6.6 Bibliographic Notes

Association rule mining was first proposed by Agrawal, Imielinski, and Swami [AIS93]. The Apriori algorithm discussed in Section 6.2.1 for frequent itemset mining was presented in Agrawal and Srikant [AS94b]. A variation of the algorithm using a similar pruning heuristic was developed independently by Mannila, Tiovonen, and Verkamo [MTV94]. A joint publication combining these works later appeared in Agrawal, Mannila, Srikant et al. [AMS+96]. A method for generating association rules from frequent itemsets is described in Agrawal and Srikant [AS94a].

References for the variations of Apriori described in Section 6.2.3 include the following. The use of hash tables to improve association mining efficiency was studied by Park, Chen, and Yu [PCY95a]. The partitioning technique was proposed by Savasere, Omiecinski, and Navathe [SON95]. The sampling approach is discussed in Toivonen [Toi96]. A dynamic itemset counting approach is given in Brin, Motwani, Ullman, and Tsur [BMUT97]. An efficient incremental updating of mined association rules was proposed by Cheung, Han, Ng, and Wong [CHNW96]. Parallel and distributed association data mining under the Apriori framework was studied by Park, Chen, and Yu [PCY95b]; Agrawal and Shafer [AS96]; and Cheung, Han, Ng, et al. [CHN+96]. Another parallel association mining method, which explores itemset clustering using a vertical database layout, was proposed in Zaki, Parthasarathy, Ogihara, and Li [ZPOL97].

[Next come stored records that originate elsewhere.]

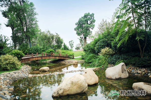 該項(xiàng)目的景觀工程施工總面積21.5萬(wàn)平方米,分兩個(gè)標(biāo)段進(jìn)行。其中,一標(biāo)段施工面積13萬(wàn)平方米,由杭州市園林綠化股份有限公司承建。施工內(nèi)容包括:綠化種植、土建施工、景觀小品、水景、景觀建筑、給排水系統(tǒng)及景觀照明系統(tǒng)等工程。自2012年6月開(kāi)工,至2013年5月竣工,歷時(shí)近一年。
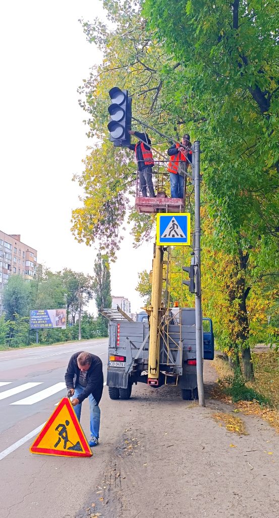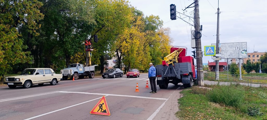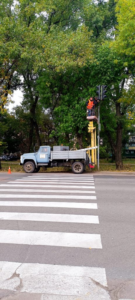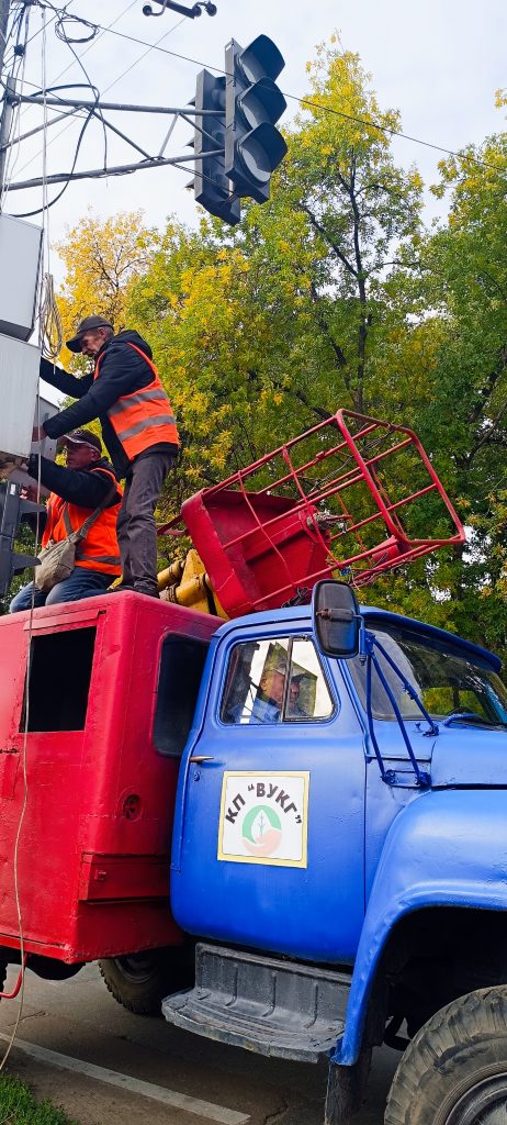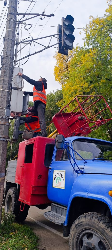 Біля зупинки громадського транспорту «Молодіжна» електрики КП «ВУКГ» провели ремонт світлофора.
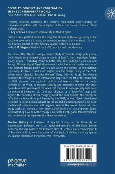 This book offers the first comprehensive study of Spanish foreign policy since 2000. Based on privileged access to some of Spain's most important foreign policy actors - including Prime Minister José Luis Rodríguez Zapatero and Foreign Minister Miguel Ángel Moratinos - the book offers an insider account of how Spanish foreign policy was shaped within the context of international diplomacy. It offers crucial new insights into the foreign policy of the PSOE governments (Spanish Socialist Workers' Party, 2004 to 2011). The volume considers the changes on the international stage since the fall of the Berlin Wall in 1989, showing how regional conflicts and tensions affected the policy agendas of the West. To increase security and prosperity at home, the 2004 Spanish socialist government reasoned that they could no longer rely exclusively on unilateral measures, old Cold War alliances or a 'Spain-first' approach. Against the backdrop of this changing world, the book explores the concept of 'effective multilateralism' put forward by the PSOE, in which Spain abandoned its hitherto unconditional support for the US and instead engaged in a series of multilateral collaborations with regions around the world. Above all, this study seeks to provide a new international history of contemporary Spain, demonstrating how domestic changes intersected with global transformations, and put forward the argument that diplomacy works.
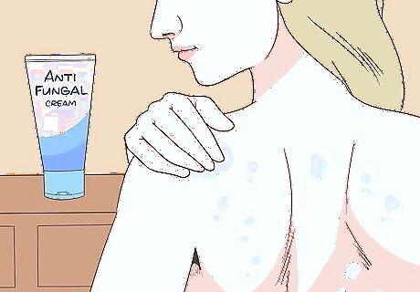 Add an over-the-counter antifungal cream. Antifungal creams with clotrimazole, such as Lotrimin, gradually kill the fungus that causes your fungal acne. Read the instructions on the box carefully before applying the cream. Generally, you should see results if you apply the cream twice a day for a couple of weeks. You can buy antifungal creams online or in your local pharmacy or supermarket. Since these creams are primarily marketed for treatment of athlete's foot, you'll likely find them with foot care products. Wash and dry the affected area with mild soap and warm water before applying antifungal cream with clotrimazole. Wash your hands both before and after applying it.

Other scalable frequent itemset mining methods have been proposed as alternatives to the Apriori-based approach. FP-growth, a pattern-growth approach for mining frequent itemsets without candidate generation, was proposed by Han, Pei, and Yin [HPY00] (Section 6.2.4). An exploration of hyper structure mining of frequent patterns, called H-Mine, was proposed by Pei, Han, Lu, et al. [PHL+01]. A method that integrates top-down and bottom-up traversal of FP-trees in pattern-growth mining was proposed by Liu, Pan, Wang, and Han [LPWH02]. An array-based implementation of prefix-tree structure for efficient pattern growth mining was proposed by Grahne and Zhu [GZ03b]. Eclat, an approach for mining frequent itemsets by exploring the vertical data format, was proposed by Zaki [Zak00]. A depth-first generation of frequent itemsets by a tree projection technique was proposed by Agarwal, Aggarwal, and Prasad [AAP01]. An integration of association mining with relational database systems was studied by Sarawagi, Thomas, and Agrawal [STA98].

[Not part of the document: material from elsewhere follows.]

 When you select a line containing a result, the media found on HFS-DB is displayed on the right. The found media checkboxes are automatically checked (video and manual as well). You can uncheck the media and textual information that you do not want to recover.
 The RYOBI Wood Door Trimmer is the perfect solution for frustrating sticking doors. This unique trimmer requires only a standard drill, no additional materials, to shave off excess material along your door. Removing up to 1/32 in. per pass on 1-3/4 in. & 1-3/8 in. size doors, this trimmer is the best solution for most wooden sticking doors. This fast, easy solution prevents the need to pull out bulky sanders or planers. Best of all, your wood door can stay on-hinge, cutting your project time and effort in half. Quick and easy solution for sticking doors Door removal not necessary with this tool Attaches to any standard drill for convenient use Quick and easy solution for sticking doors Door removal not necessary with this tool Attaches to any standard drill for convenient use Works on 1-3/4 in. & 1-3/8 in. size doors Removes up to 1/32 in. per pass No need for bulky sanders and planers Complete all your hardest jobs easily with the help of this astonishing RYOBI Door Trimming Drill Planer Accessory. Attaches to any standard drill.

The mining of frequent closed itemsets was proposed in Pasquier, Bastide, Taouil, and Lakhal [PBTL99], where an Apriori-based algorithm called A-Close for such mining was presented. CLOSET, an efficient closed itemset mining algorithm based on the frequent pattern growth method, was proposed by Pei, Han, and Mao [PHM00]. CHARM by Zaki and Hsiao [ZH02] developed a compact vertical TID list structure called diffset, which records only the difference in the TID list of a candidate pattern from its prefix pattern. A fast hash-based approach is also used in CHARM to prune nonclosed patterns. CLOSET+ by Wang, Han, and Pei [WHP03] integrates previously proposed effective strategies as well as newly developed techniques such as hybrid tree-projection and item skipping. AFOPT, a method that explores a right push operation on FP-trees during the mining process, was proposed by Liu, Lu, Lou, and Yu [LLLY03]. Grahne and Zhu [GZ03b] proposed a prefix-tree–based algorithm integrated with array representation, called FPClose, for mining closed itemsets using a pattern-growth approach.

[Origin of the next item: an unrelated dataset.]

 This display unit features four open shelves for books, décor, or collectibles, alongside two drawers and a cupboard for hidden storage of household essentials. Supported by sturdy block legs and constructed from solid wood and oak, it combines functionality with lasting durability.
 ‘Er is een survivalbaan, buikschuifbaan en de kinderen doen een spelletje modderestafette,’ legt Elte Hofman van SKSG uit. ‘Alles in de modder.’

Pan, Cong, Tung, et al. [PCT+03] proposed CARPENTER, a method for finding closed patterns in long biological data sets, which integrates the advantages of vertical data formats and pattern growth methods. Mining max-patterns was first studied by Bayardo [Bay98], where MaxMiner, an Apriori-based, level-wise, breadth-first search method, was proposed to find max-itemset by performing superset frequency pruning and subset infrequency pruning for search space reduction. Another efficient method, MAFIA, developed by Burdick, Calimlim, and Gehrke [BCG01], uses vertical bitmaps to compress TID lists, thus improving the counting efficiency. A FIMI (Frequent Itemset Mining Implementation) workshop dedicated to implementation methods for frequent itemset mining was reported by Goethals and Zaki [GZ03a].

The problem of mining interesting rules has been studied by many researchers. The statistical independence of rules in data mining was studied by Piatetski-Shapiro [P-S91]. The interestingness problem of strong association rules is discussed in Chen, Han, and Yu [CHY96]; Brin, Motwani, and Silverstein [BMS97]; and Aggarwal and Yu [AY99], which cover several interestingness measures, including lift. An efficient method for generalizing associations to correlations is given in Brin, Motwani, and Silverstein [BMS97]. Other alternatives to the support–confidence framework for assessing the interestingness of association rules are proposed in Brin, Motwani, Ullman, and Tsur [BMUT97] and Ahmed, El-Makky, and Taha [AEMT00].

A method for mining strong gradient relationships among itemsets was proposed by Imielinski, Khachiyan, and Abdulghani [IKA02]. Silverstein, Brin, Motwani, and Ullman [SBMU98] studied the problem of mining causal structures over transaction databases. Some comparative studies of different interestingness measures were done by Hilderman and Hamilton [HH01]. The notion of null transaction invariance was introduced, together with a comparative analysis of interestingness measures, by Tan, Kumar, and Srivastava [TKS02]. The use of all_confidence as a correlation measure for generating interesting association rules was studied by Omiecinski [Omi03] and by Lee, Kim, Cai, and Han [LKCH03]. Wu, Chen, and Han [WCH10] introduced the Kulczynski measure for associative patterns and performed a comparative analysis of a set of measures for pattern evaluation.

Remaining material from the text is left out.